WHAT NEEDS TO BE DONE: Look below for the line containing "食べ物や飲み物がこぼれても簡" and the line containing "R,而如果各位有長期關注中國超跑動態,便會知道這部型號Agera R Zijin其實早在2013年便已抵達中國。", then set down both and every line between them exactly, without pictures.

RECORDS FOR THIS TASK:
▬▬▬▬▬▬
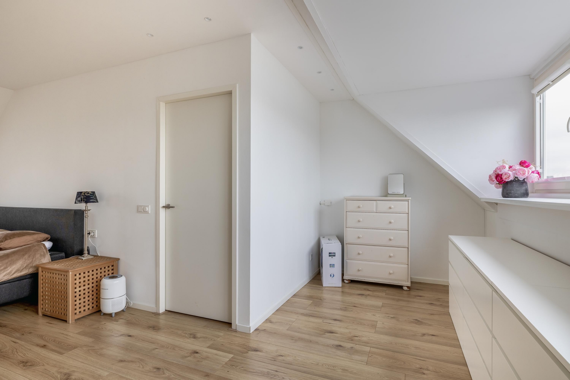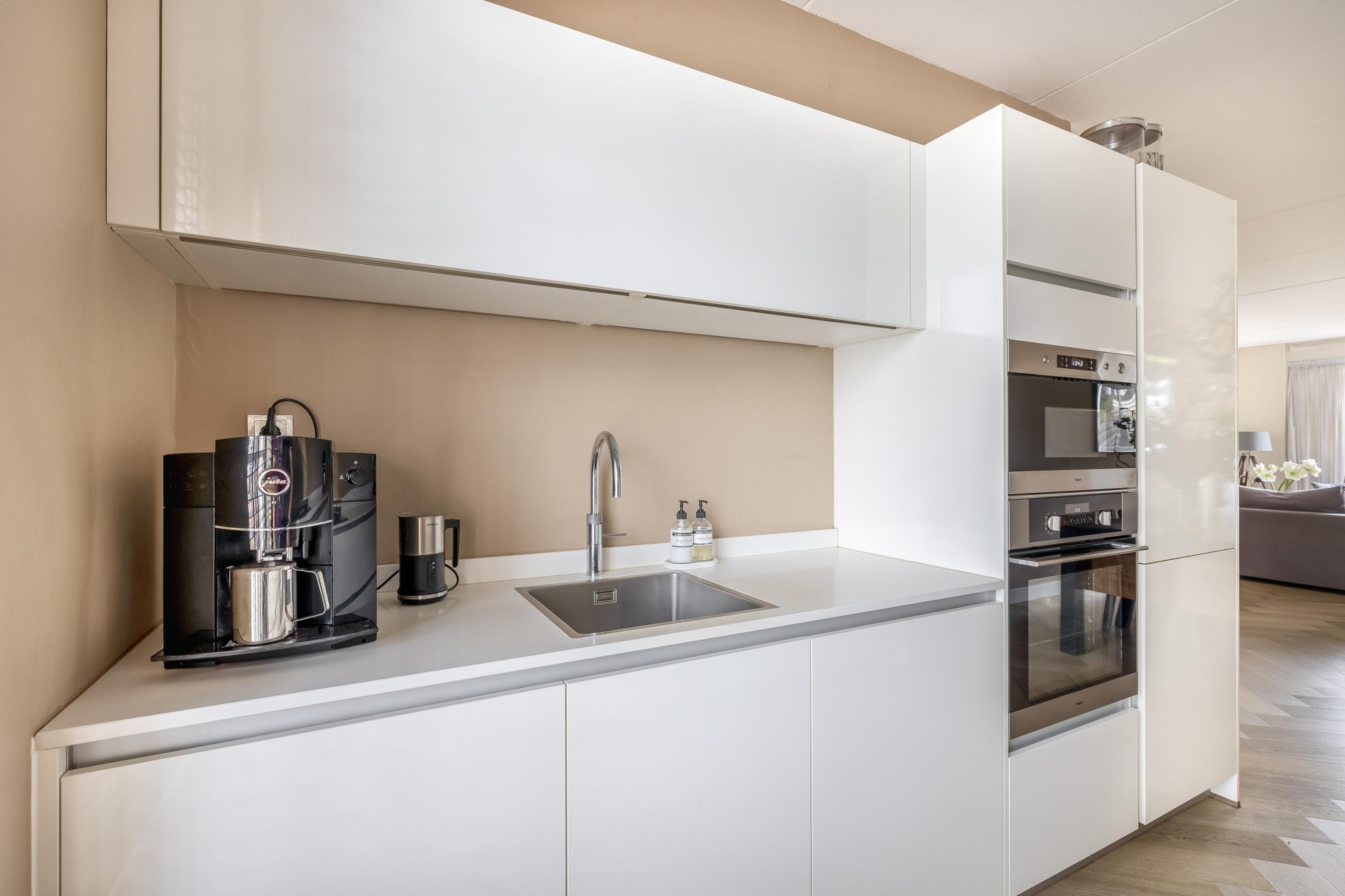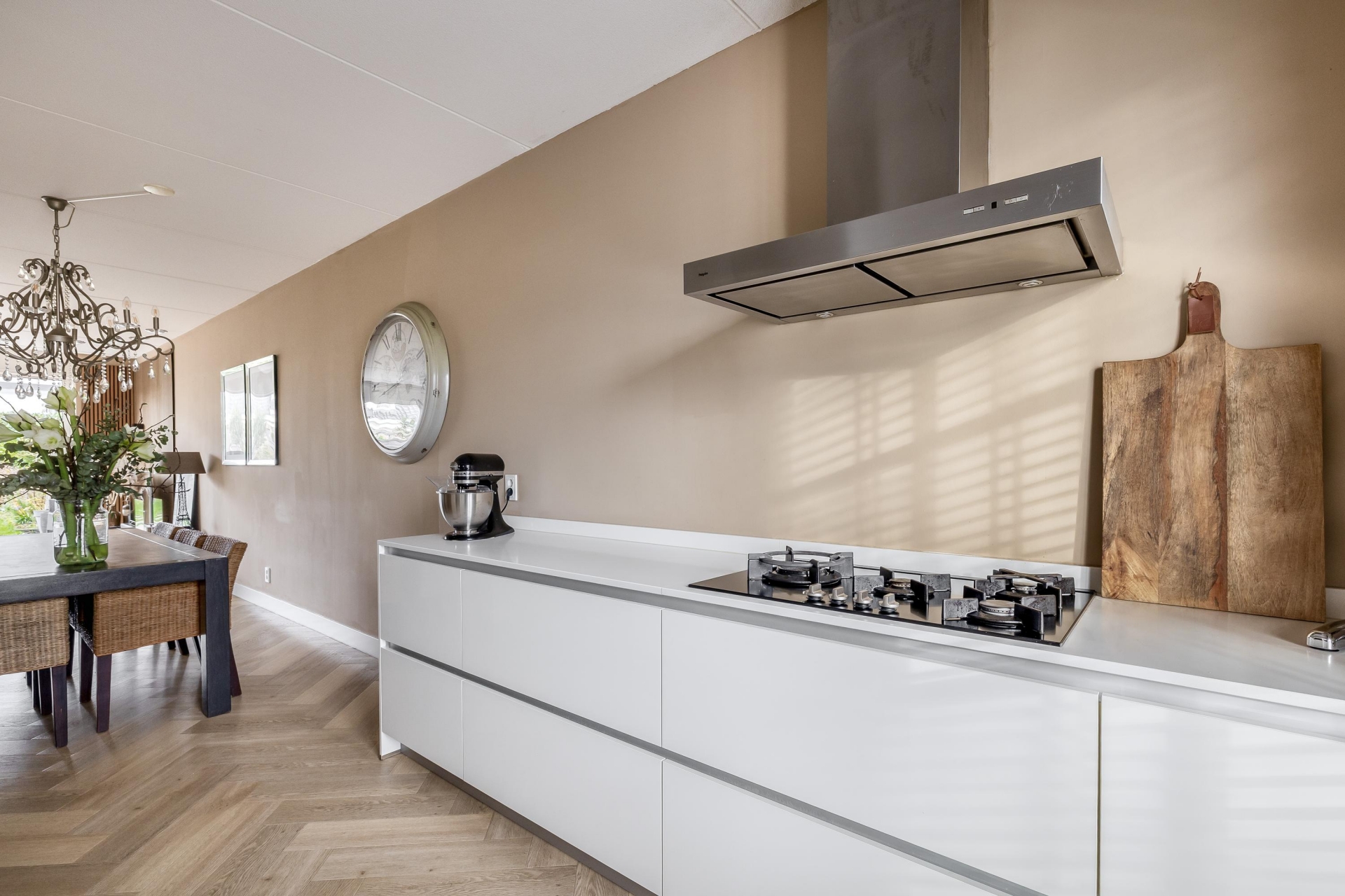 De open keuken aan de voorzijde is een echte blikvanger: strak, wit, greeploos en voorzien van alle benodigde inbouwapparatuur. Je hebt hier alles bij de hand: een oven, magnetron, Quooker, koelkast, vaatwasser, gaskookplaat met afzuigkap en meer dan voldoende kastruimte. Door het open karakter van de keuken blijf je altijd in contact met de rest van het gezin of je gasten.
▬▬▬▬▬▬
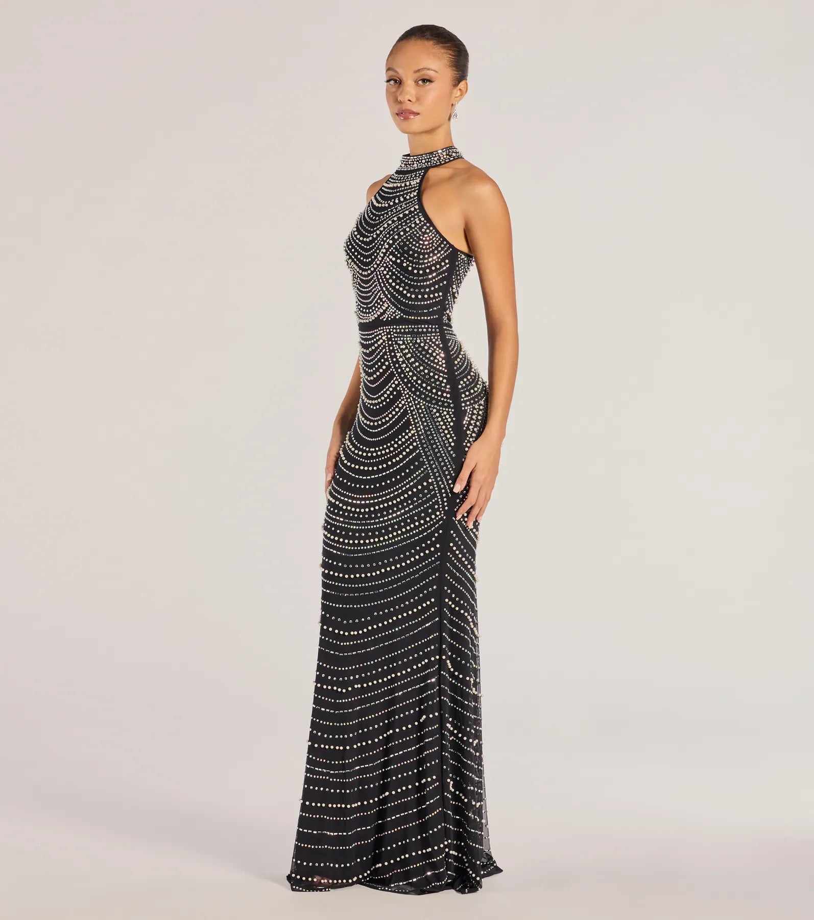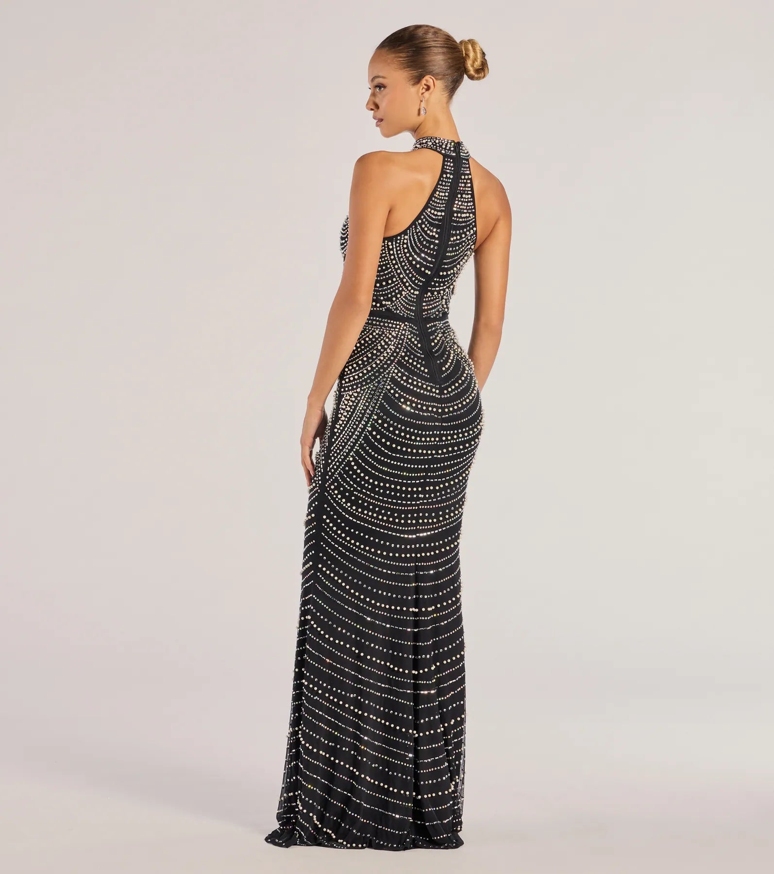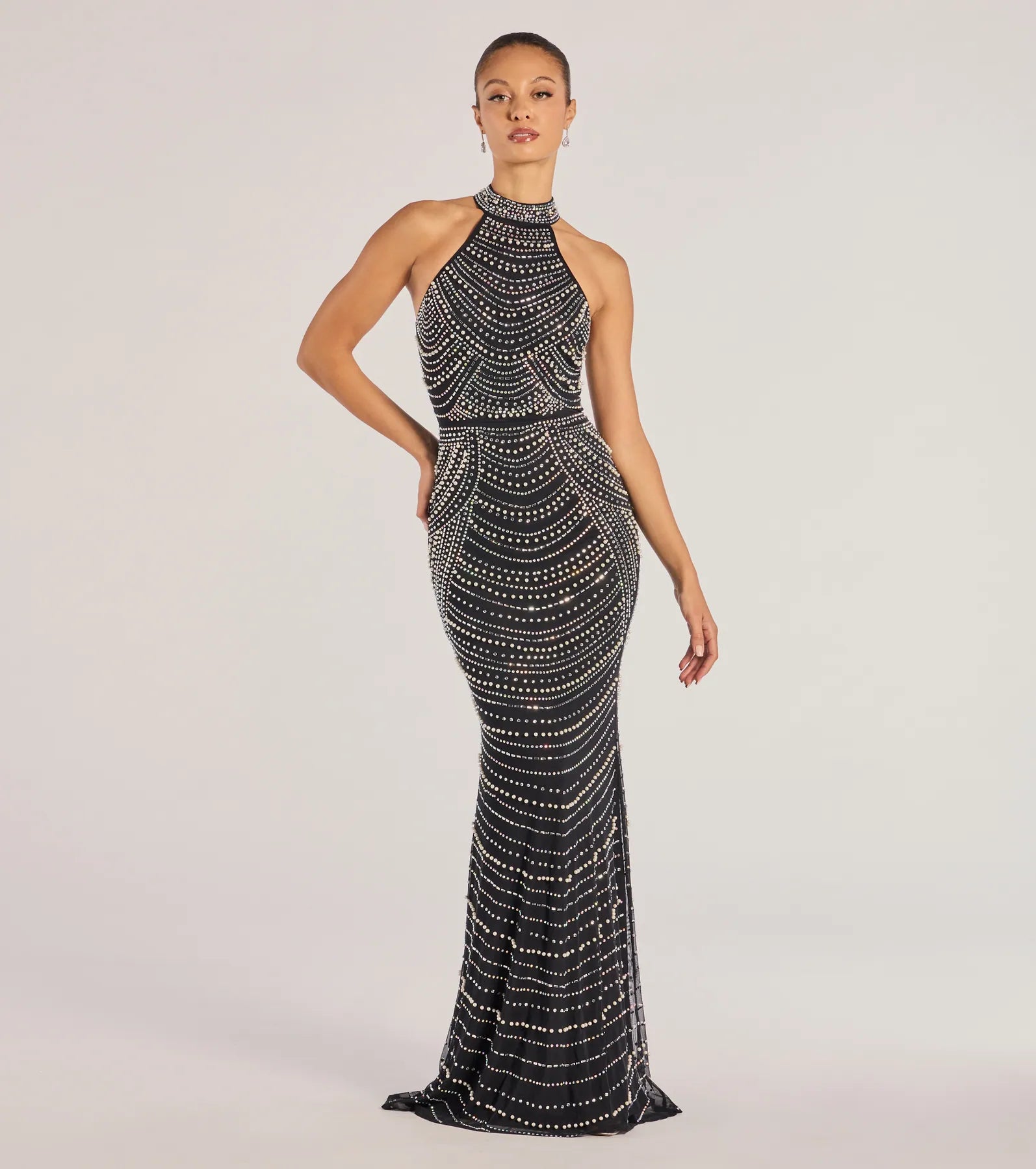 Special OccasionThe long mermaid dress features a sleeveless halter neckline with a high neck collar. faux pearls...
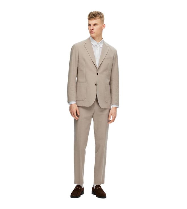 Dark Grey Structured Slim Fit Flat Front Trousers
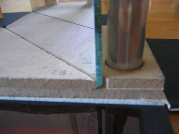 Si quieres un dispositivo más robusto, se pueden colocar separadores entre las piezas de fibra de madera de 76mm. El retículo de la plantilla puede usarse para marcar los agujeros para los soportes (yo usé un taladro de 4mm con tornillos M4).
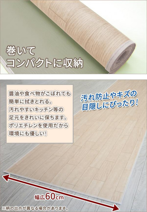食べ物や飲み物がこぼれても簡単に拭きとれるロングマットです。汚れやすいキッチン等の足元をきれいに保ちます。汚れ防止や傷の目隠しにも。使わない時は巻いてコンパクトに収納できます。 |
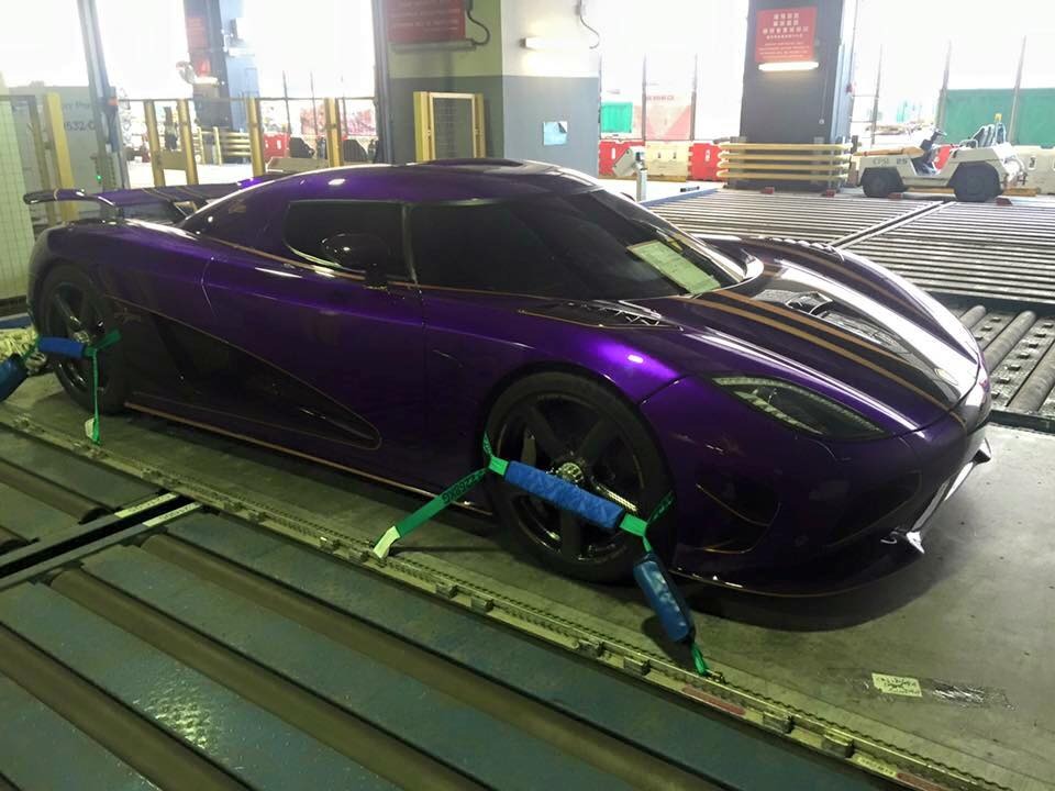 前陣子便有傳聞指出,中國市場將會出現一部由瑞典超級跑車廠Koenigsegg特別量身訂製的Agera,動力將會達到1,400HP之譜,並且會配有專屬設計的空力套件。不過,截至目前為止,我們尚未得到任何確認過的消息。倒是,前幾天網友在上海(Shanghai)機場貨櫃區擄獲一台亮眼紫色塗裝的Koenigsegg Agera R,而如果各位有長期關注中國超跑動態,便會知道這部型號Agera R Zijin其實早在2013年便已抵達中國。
▬▬▬▬▬▬
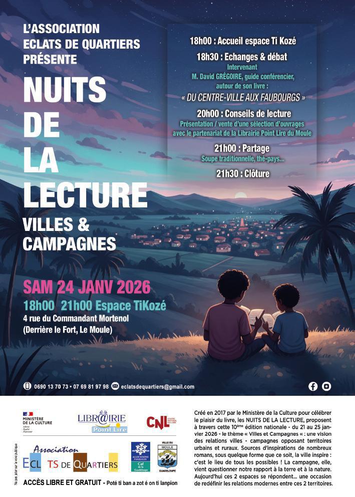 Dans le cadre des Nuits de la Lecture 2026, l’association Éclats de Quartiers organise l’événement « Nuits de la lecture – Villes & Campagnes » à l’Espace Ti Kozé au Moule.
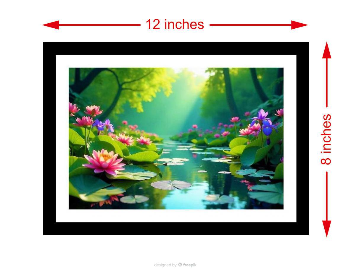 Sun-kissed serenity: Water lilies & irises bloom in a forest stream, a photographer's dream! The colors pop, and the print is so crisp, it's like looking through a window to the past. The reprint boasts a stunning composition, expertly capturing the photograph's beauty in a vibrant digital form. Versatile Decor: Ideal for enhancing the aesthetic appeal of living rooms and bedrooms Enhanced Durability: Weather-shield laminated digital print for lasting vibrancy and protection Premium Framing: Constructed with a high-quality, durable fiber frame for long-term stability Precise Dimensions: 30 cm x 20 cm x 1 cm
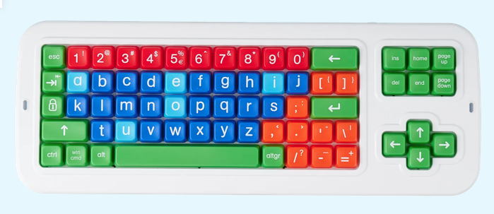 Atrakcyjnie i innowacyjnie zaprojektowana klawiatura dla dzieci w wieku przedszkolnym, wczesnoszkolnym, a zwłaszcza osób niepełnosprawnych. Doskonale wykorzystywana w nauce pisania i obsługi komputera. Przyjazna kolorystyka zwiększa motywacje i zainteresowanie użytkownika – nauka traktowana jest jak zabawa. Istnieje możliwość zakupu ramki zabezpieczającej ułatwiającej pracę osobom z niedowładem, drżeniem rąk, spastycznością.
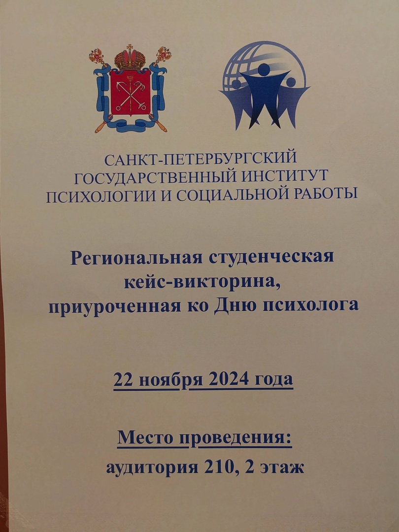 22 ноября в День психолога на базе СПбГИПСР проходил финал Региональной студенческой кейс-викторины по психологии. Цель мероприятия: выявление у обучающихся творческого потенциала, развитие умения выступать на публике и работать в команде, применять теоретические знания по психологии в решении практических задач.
▬▬▬▬▬▬
ANSWER SECTION:
食べ物や飲み物がこぼれても簡単に拭きとれるロングマットです。汚れやすいキッチン等の足元をきれいに保ちます。汚れ防止や傷の目隠しにも。使わない時は巻いてコンパクトに収納できます。 |
 前陣子便有傳聞指出,中國市場將會出現一部由瑞典超級跑車廠Koenigsegg特別量身訂製的Agera,動力將會達到1,400HP之譜,並且會配有專屬設計的空力套件。不過,截至目前為止,我們尚未得到任何確認過的消息。倒是,前幾天網友在上海(Shanghai)機場貨櫃區擄獲一台亮眼紫色塗裝的Koenigsegg Agera R,而如果各位有長期關注中國超跑動態,便會知道這部型號Agera R Zijin其實早在2013年便已抵達中國。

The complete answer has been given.